Arianna has joined the track-and-field team and now practices three times
a week.  This afternoon will be her third practice and today’s time and
distance trials will help determine which events she will pursue.  I’m also
supposed to go to a meeting this morning to learn more about the middle
school’s international travel club.  One of the bullet points from the flyer
about their first trip states that the fee covers, “all domestic transportation
in China, including private coach, bicycle, plane, boat, train, and
rickshaw.”  That seems to take care of the non-animal means of transport I
can think of.  We’re not yet sure if we’ll send her (even from over here, its
not cheap), but it would be a helluva trip, including stops in Hong Kong,
Guilin, Yangshuo, Xian (home of the terra-cotta warriors), Beijing, and, of
course, the Great Wall.  It would also mean she would be away for all of
Fall Break, when we were considering returning to Bali.

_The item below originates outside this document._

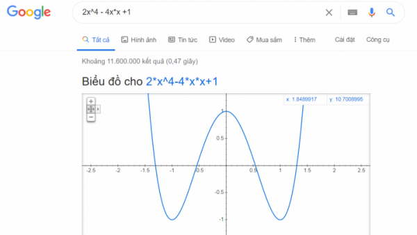 Google Search không chỉ tính toán từ biểu thức cộng trừ nhân chia, đến mũ, căn nhiều bậc hay sin-cos-tan mà còn có thể trả về kết quả đồ thị hàm số. Tuy nhiên, bạn cần lưu ý là Google Search không dùng các ký hiệu toán học dạng hình mà dùng dạng chữ. Chẳng hạn như sqrt(x) cho căn bậc 2 thay vì ⎷(x), hay abs(x) thay cho |x|.

Annaliese is designing and creating the costumes for the high-school
musical, ‘Bye Bye Birdie’ (described as “like ‘Grease’ but without anything
catchy or memorable about it”).  I believe the original intention was for her
to act as assistant to a woman, but the woman’s knowledge of the
appropriate era is limited by the facts that she was neither in America nor
alive for the 50s (think Indian accent: “Oh… so dis is a pudle skut”).
A Neighborhood Gate
This is a gate into a little
neighborhood-ette near our
house.  I've never been down
this lane.  In fact, when I
walked with the girls to buy a
new handphone voucher from
the kiosk down the street, it
was the first time they'd ever
walked on our street.
ANZA Companions at Cibodas
This was a better-paved stretch
of the track on our hike through
the "Botanical Gardens" up in
the mountains.  They might call
them hills, but being from
Houston, anything larger than a
freeway overpass is a mountain.
Hilltop House
As we hiked up toward the
waterfall, two little kids -- one
about 7 and the other perhaps
11 years old -- latched on to me
and offered their guide services.
 As there was only one, clearly
labelled track, I declined. One of
my more-experienced co-hikers
suggested that the kids' aim
was to get me to come to their
parents' restaurant or food stall.
This photo may be, but probably
wasn't, that restaurant.
Air is Water (below)
One of several pretty little waterfalls at the Cibodas Botanical Gardens, about two hours
drive south-southeast of Jakarta.  What is not shown in the picture is the unfortunate
amount of trash left strewn around the trail and at the base of the waterfall by other
nature lovers.  It will take more than catchy slogans and signs to get Indonesians to stop
dropping their trash wherever it falls out of their hands.
"Air Terjun" may be the name of this particular waterfall, or it may simply mean "waterfall."
I'm still working that out.  I can tell you that, interestingly, "air" (pronounced
eye-ear) is
the Bahasa Indonesia word for water.